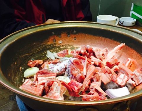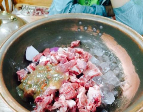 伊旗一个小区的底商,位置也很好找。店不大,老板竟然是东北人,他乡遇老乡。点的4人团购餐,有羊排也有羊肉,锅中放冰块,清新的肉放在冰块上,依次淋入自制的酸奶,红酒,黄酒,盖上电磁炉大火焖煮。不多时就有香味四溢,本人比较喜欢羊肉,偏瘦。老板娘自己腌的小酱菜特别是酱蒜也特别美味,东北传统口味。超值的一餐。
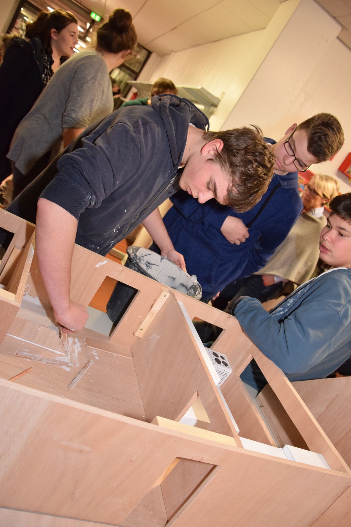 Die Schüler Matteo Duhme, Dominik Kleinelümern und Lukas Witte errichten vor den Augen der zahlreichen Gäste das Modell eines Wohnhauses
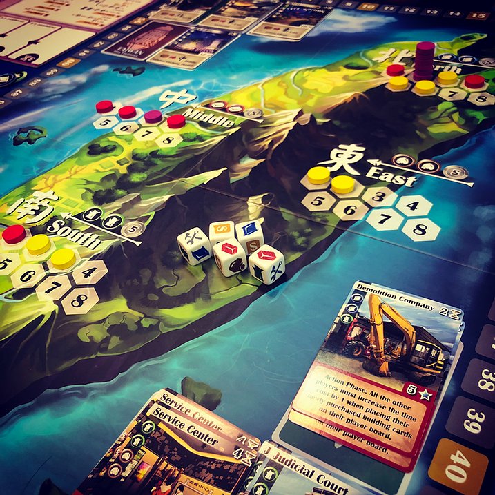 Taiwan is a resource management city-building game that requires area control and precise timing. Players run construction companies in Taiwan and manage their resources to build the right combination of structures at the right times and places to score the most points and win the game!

++++++

> Instructions for the task
Would you print all of the material exactly as written, minus the pictures?

> Exercise result
 伊旗一个小区的底商,位置也很好找。店不大,老板竟然是东北人,他乡遇老乡。点的4人团购餐,有羊排也有羊肉,锅中放冰块,清新的肉放在冰块上,依次淋入自制的酸奶,红酒,黄酒,盖上电磁炉大火焖煮。不多时就有香味四溢,本人比较喜欢羊肉,偏瘦。老板娘自己腌的小酱菜特别是酱蒜也特别美味,东北传统口味。超值的一餐。
 Die Schüler Matteo Duhme, Dominik Kleinelümern und Lukas Witte errichten vor den Augen der zahlreichen Gäste das Modell eines Wohnhauses
 Taiwan is a resource management city-building game that requires area control and precise timing. Players run construction companies in Taiwan and manage their resources to build the right combination of structures at the right times and places to score the most points and win the game!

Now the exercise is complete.